Results of Operations

     Product Revenues. Our product revenues were $365.0 million in the third quarter and $1.1 billion in the first nine months of 2004, up $105.6 million or 41% from the third quarter of 2003 and $466.2 million or 74% from the first nine months of fiscal 2003. The increase in product revenues for the third quarter and first nine months of 2004 compared to the same periods in the prior year, were primarily due to increased unit sales of our CF cards, SD cards, USB flash drives, Memory Stick, xD picture cards, TransFlash and miniSD cards. Product revenue of $365.0 million in the third quarter of 2004 was down 7% from $391.3 million in the second quarter of 2004. This decline in product revenue resulted from a 22% decline in average selling price per megabyte partially offset by a 20% increase in megabytes sold. NAND flash memory prices declined more steeply in the third quarter than in prior quarters of this year due to significant increases in the market supply of NAND flash components. During the third quarter of 2004 as compared to the third quarter of 2003, total flash memory product unit sales increased approximately 31%, total megabytes sold increased 115%, while our average selling price per megabyte declined 34%. During the first nine months of 2004 as compared to the same period of 2003, total flash memory product unit sales increased approximately 51%, total megabytes sold increased 131%, while our average selling price per megabyte declined 24%.

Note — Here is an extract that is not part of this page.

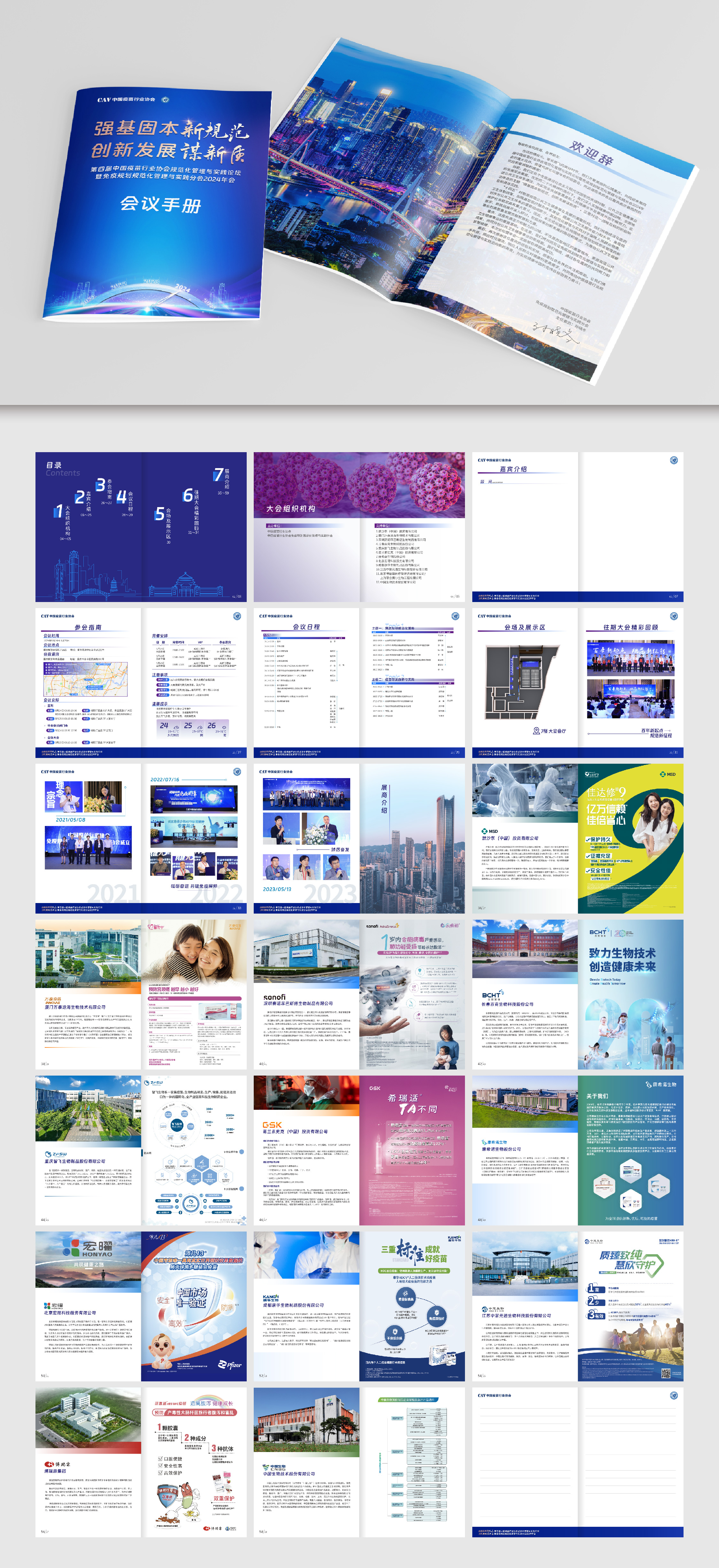 会议手册是“参会生存宝典”,需含会议指南、日程、场地分布、往期回顾、合作品牌等内容,风格统一科技蓝+渐变紫,专业不枯燥,实用不复杂。把手册设计融入延展画面体系,突出实用性与视觉统一性。手册是制作物料中的大头,不能搞“手册没人看,海报堆成山”的尴尬场面。

     In the third quarter and first nine months of 2004, sales through the retail channel accounted for 78% and 75% of total product revenues, respectively and 62% in each of the same periods of 2003. Total product revenue dollars from our retail channels increased 75% in the third quarter of 2004 over the comparable period in 2003 and 112% in the first nine months of 2004 over the same period of 2003. In the third quarter of 2004 and 2003, sales to the OEM and industrial distribution channels accounted for 22% and 38%, respectively of total product revenues, and 25% and 38% in the first nine months of 2004 and 2003. Total revenue dollars from our OEM and industrial distribution channels decreased 16% in the third quarter of 2004 over the same period of 2003 while increasing 12% for the first nine months of fiscal 2004 over the comparable period in 2003. Revenues related to OEM bundled card sales have become a smaller percentage of our business as average selling prices per megabyte have declined and the move to higher capacity cards has occurred predominately in the retail channel.

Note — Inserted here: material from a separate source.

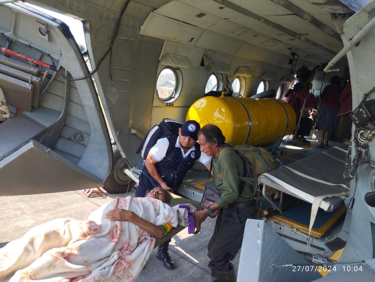 En ese sentido, tras recibir el llamado de emergencia del pamuk de la comunidad Achu, Oscar Achayap Nugkuag, una brigada de salud liderada por el por el titular de la Diresa San Martín, Aldo Pinchi Flores gestionó los requerimientos correspondientes y se trasladó hacia la referida jurisdicción. Los pacientes fueron trasladados en helicóptero con el valioso apoyo de los miembros de la Fuerza Aérea del Perú mediante el Ministerio de Defensa, acompañados de familiares y su líder de la comunidad.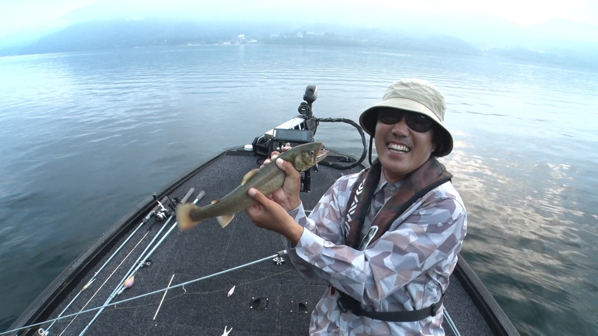 ポイントに到着すると、沖でボイルが!すぐさま、トップウォータープラグをキャスト!逃げ惑う小魚を演出する。すると、水面を割る豪快なバイト!ファイトの末上がってきたのは、40cmの大型イワナ。芦ノ湖ならではの嬉しいゲストだ。

     International sales represented 56% and 54% of our product revenues in the third quarter and first nine months of 2004 and 61% in both of the comparable periods of 2003, respectively. The reduction in the percentage of product revenues coming from our international regions is due in part to slower growth in OEM sales which are primarily concentrated in international regions.

     Our top ten customers represented approximately 53% and 51% of our total revenues in the third quarter of 2004 and 2003, and 54% and 49% in the first nine months of fiscal 2004 and 2003 respectively. No customer exceeded 10% of total revenues in either the third quarters or first nine months of 2004 or 2003.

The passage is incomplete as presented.